§ Provided data
········
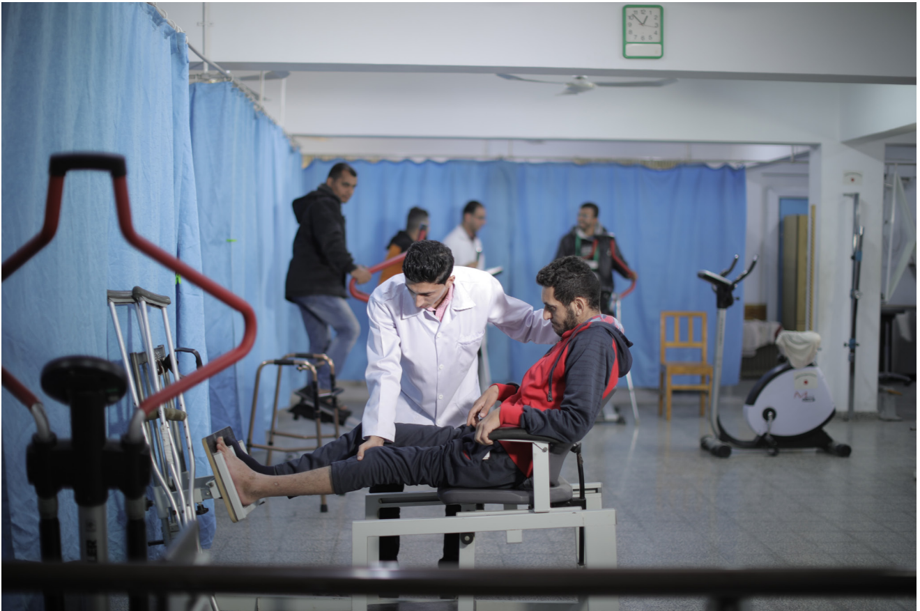
A group of young refugees who injured in the GMR receiving physiotherapy services at the UNRWA clinic in Jabalia camp.
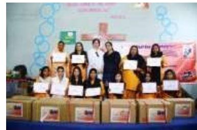
Sewing Graduation of Sikander Pura, Mudkay, and Baath
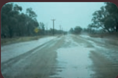
Road to Pilliga
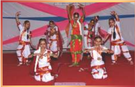
Dance performance by the students
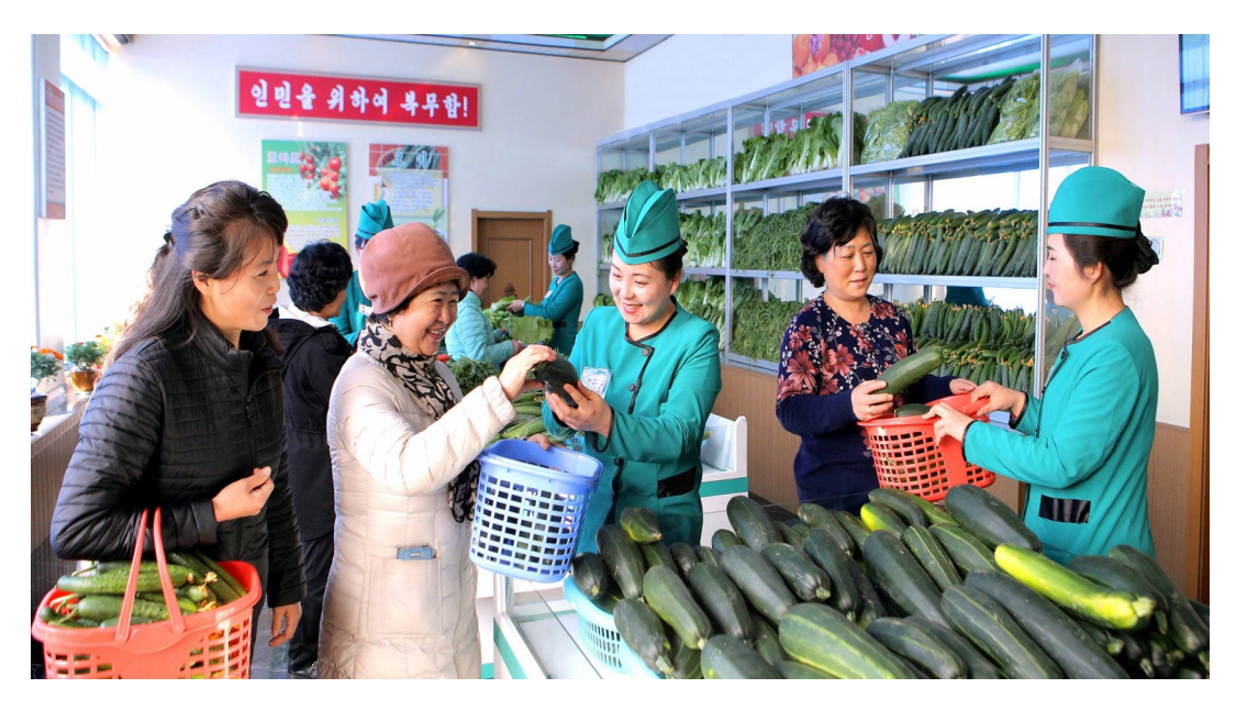
Pyongyang citizens are happy with fresh vegetables.
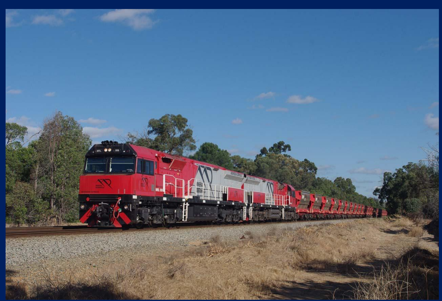
MRL006 on its first run & MRL003 on 6035 empty ore at Swan View September 26th.
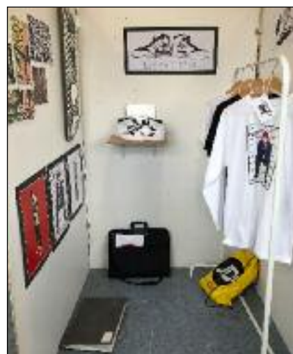
IN STORE: Sam Pinches' work on show.
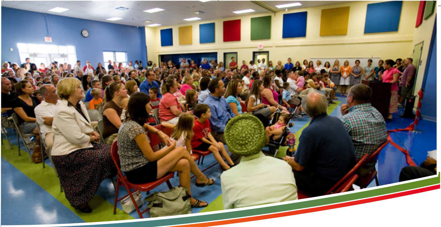
Eric Crossan Photography
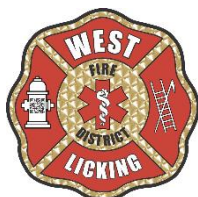
West Licking Joint Fire District
········
All of the lines above should be copied exactly, apart from the pictures.

A group of young refugees who injured in the GMR receiving physiotherapy services at the UNRWA clinic in Jabalia camp.
Sewing Graduation of Sikander Pura, Mudkay, and Baath
Road to Pilliga
Dance performance by the students
Pyongyang citizens are happy with fresh vegetables.
MRL006 on its first run & MRL003 on 6035 empty ore at Swan View September 26th.
IN STORE: Sam Pinches' work on show.
Eric Crossan Photography
West Licking Joint Fire District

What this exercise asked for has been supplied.